Stored entries:
++++++++

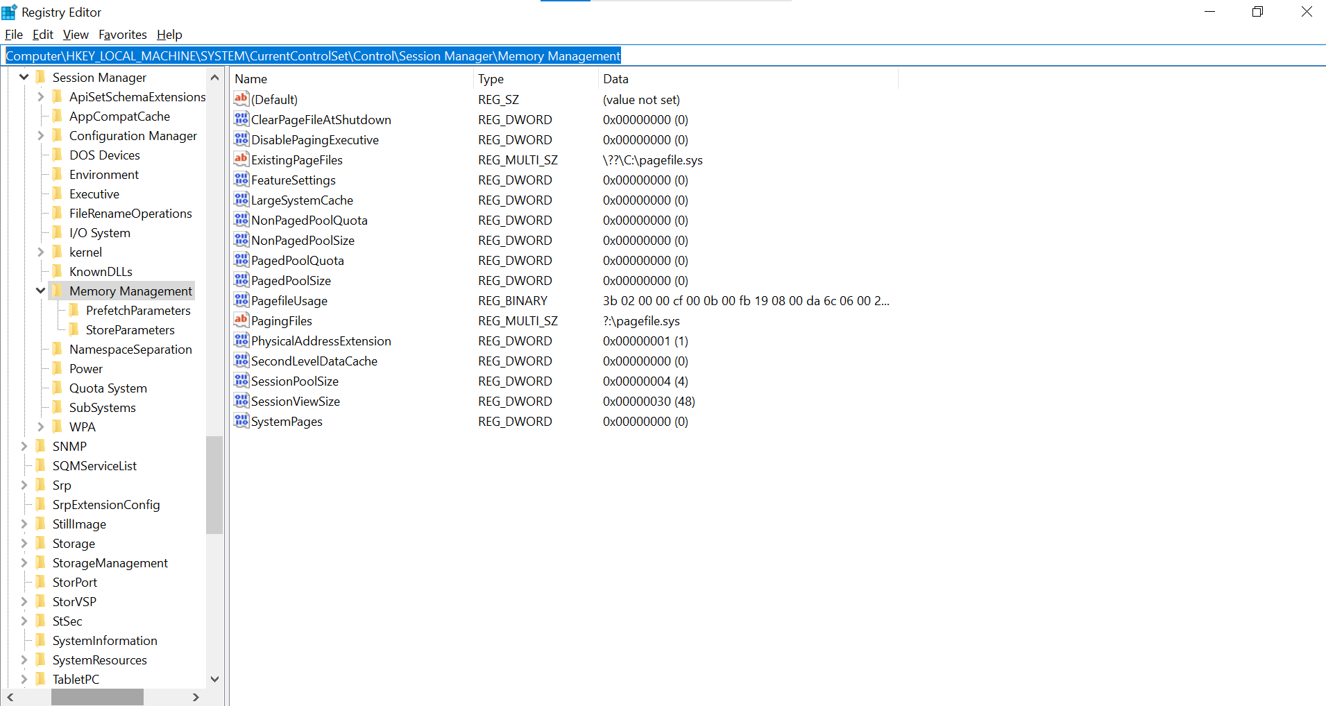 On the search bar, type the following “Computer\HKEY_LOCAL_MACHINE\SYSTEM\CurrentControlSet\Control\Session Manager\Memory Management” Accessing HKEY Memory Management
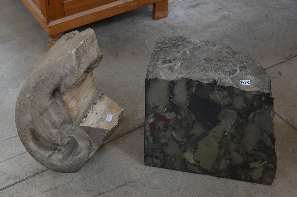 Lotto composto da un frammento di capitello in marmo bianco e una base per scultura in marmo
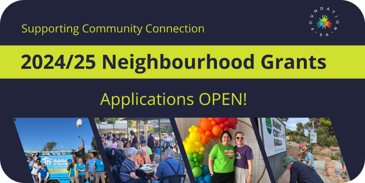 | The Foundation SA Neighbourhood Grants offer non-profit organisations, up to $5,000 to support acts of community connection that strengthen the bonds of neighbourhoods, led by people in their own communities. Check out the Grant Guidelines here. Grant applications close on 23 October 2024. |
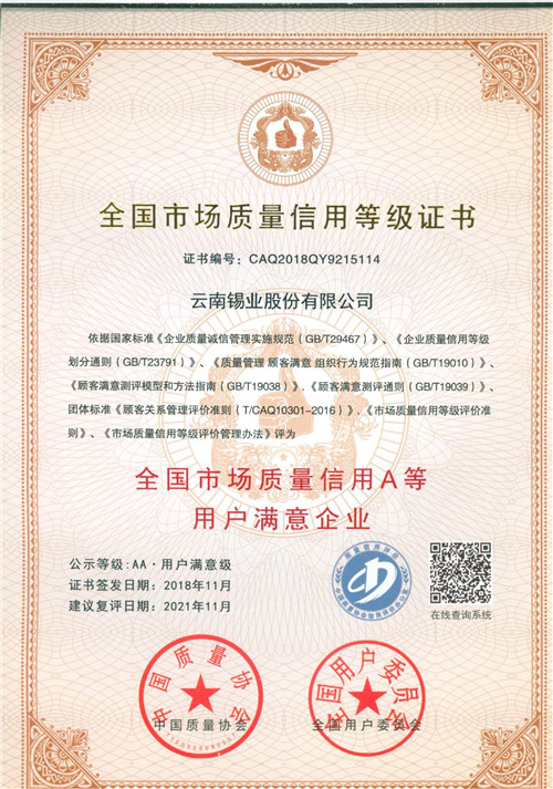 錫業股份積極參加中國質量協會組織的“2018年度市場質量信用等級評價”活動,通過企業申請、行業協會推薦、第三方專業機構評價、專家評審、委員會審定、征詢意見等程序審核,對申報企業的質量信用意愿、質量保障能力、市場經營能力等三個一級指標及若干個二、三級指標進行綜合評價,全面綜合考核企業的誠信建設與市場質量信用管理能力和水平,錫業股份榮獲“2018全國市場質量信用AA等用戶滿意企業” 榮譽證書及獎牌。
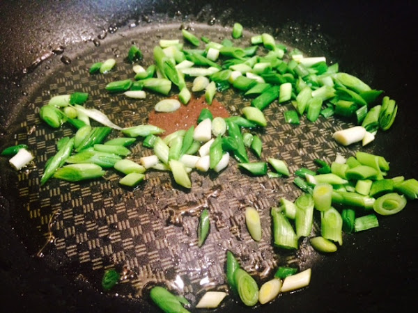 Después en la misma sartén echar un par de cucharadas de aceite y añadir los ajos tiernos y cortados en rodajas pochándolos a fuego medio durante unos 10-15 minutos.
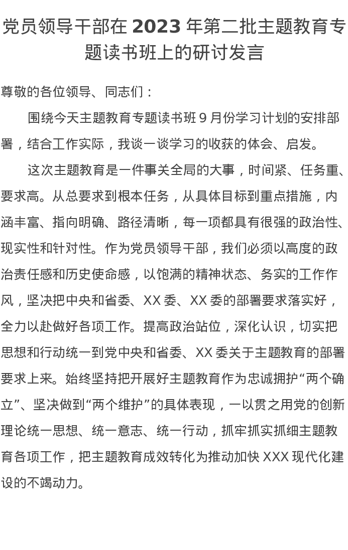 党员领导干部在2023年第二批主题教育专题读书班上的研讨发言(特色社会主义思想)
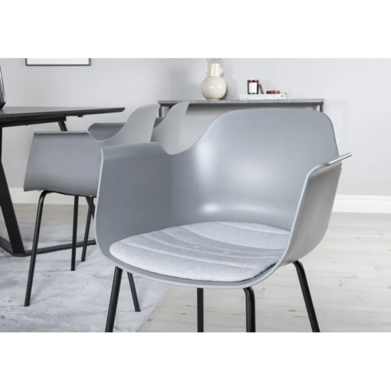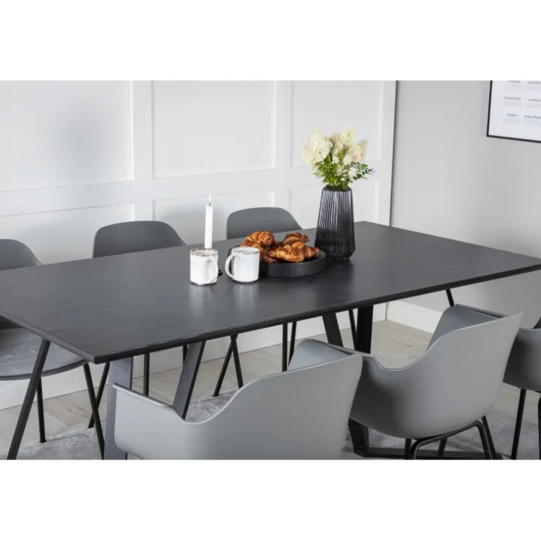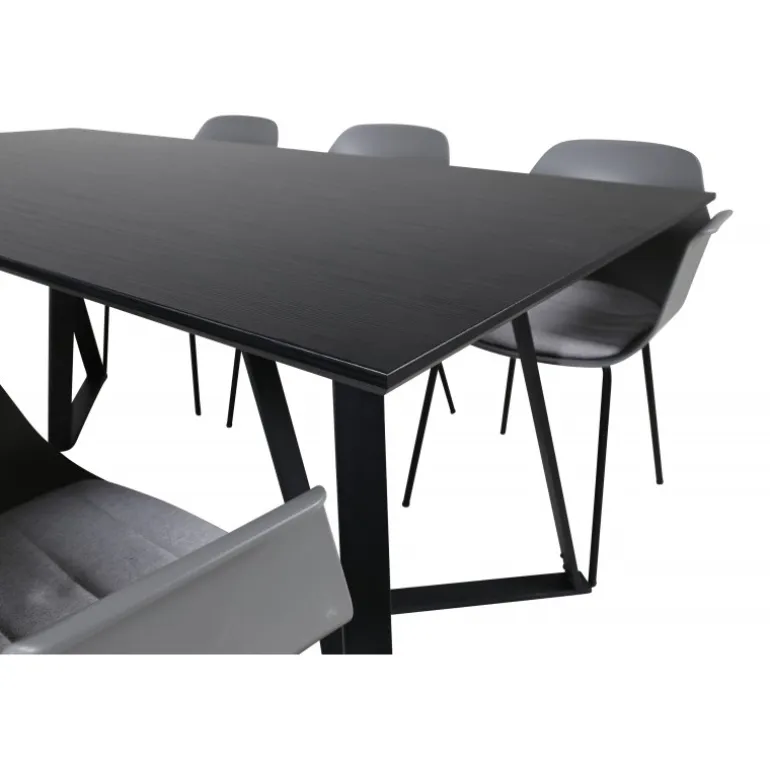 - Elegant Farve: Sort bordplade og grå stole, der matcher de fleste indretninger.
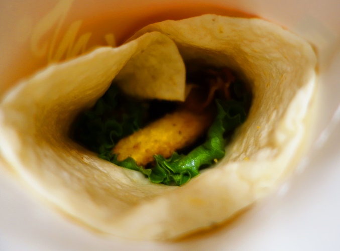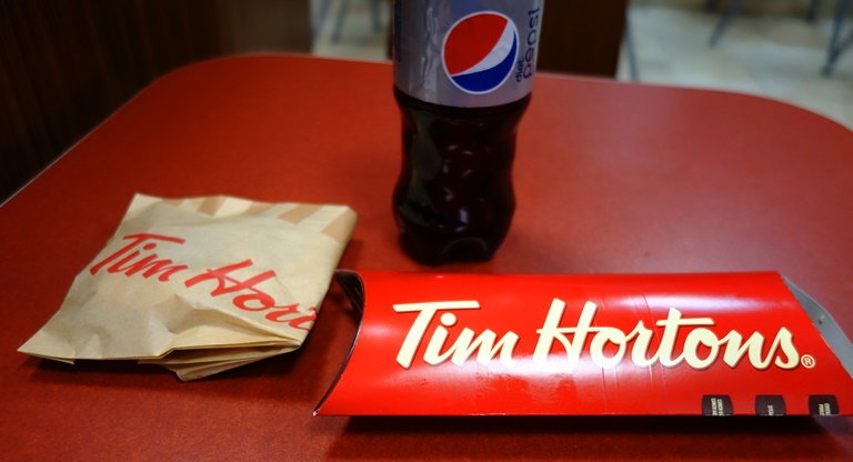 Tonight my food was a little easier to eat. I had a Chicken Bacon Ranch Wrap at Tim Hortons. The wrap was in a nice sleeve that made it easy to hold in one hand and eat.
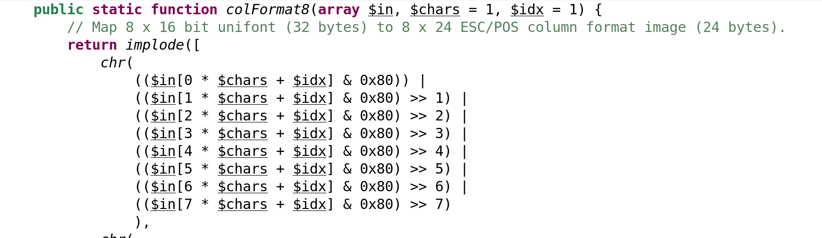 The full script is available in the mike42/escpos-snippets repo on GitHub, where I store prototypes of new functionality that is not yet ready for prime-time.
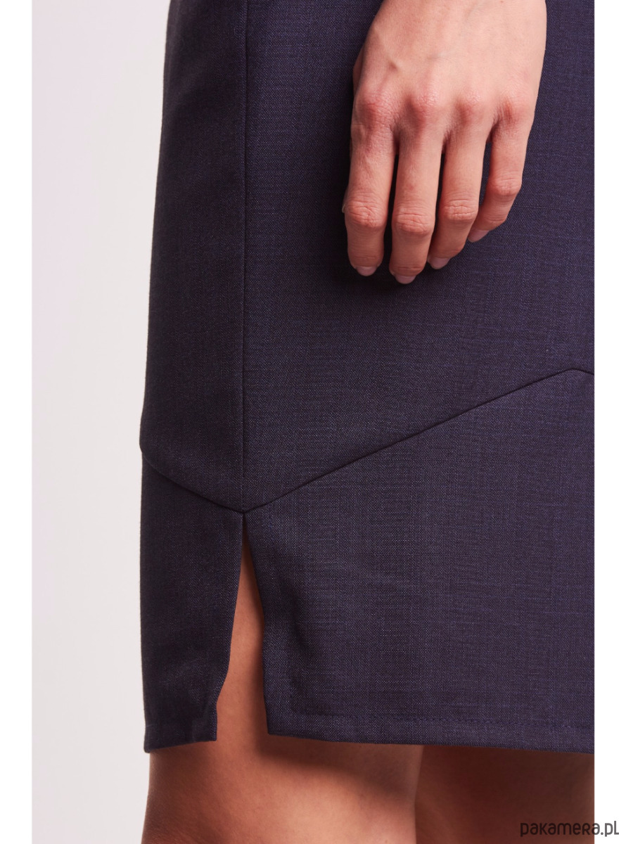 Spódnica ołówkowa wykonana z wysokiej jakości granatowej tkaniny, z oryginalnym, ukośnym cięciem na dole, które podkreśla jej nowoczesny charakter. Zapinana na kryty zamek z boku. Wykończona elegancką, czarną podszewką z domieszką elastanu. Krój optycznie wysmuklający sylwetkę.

++++++++

Copy exactly, and copy nothing else: the lines from the start of the data above through the line that holds "Tonight my food". The pictures stay out.

**Reply to the task**
 On the search bar, type the following “Computer\HKEY_LOCAL_MACHINE\SYSTEM\CurrentControlSet\Control\Session Manager\Memory Management” Accessing HKEY Memory Management
 Lotto composto da un frammento di capitello in marmo bianco e una base per scultura in marmo
 | The Foundation SA Neighbourhood Grants offer non-profit organisations, up to $5,000 to support acts of community connection that strengthen the bonds of neighbourhoods, led by people in their own communities. Check out the Grant Guidelines here. Grant applications close on 23 October 2024. |
 錫業股份積極參加中國質量協會組織的“2018年度市場質量信用等級評價”活動,通過企業申請、行業協會推薦、第三方專業機構評價、專家評審、委員會審定、征詢意見等程序審核,對申報企業的質量信用意愿、質量保障能力、市場經營能力等三個一級指標及若干個二、三級指標進行綜合評價,全面綜合考核企業的誠信建設與市場質量信用管理能力和水平,錫業股份榮獲“2018全國市場質量信用AA等用戶滿意企業” 榮譽證書及獎牌。
 Después en la misma sartén echar un par de cucharadas de aceite y añadir los ajos tiernos y cortados en rodajas pochándolos a fuego medio durante unos 10-15 minutos.
 党员领导干部在2023年第二批主题教育专题读书班上的研讨发言(特色社会主义思想)
 - Elegant Farve: Sort bordplade og grå stole, der matcher de fleste indretninger.
 Tonight my food was a little easier to eat. I had a Chicken Bacon Ranch Wrap at Tim Hortons. The wrap was in a nice sleeve that made it easy to hold in one hand and eat.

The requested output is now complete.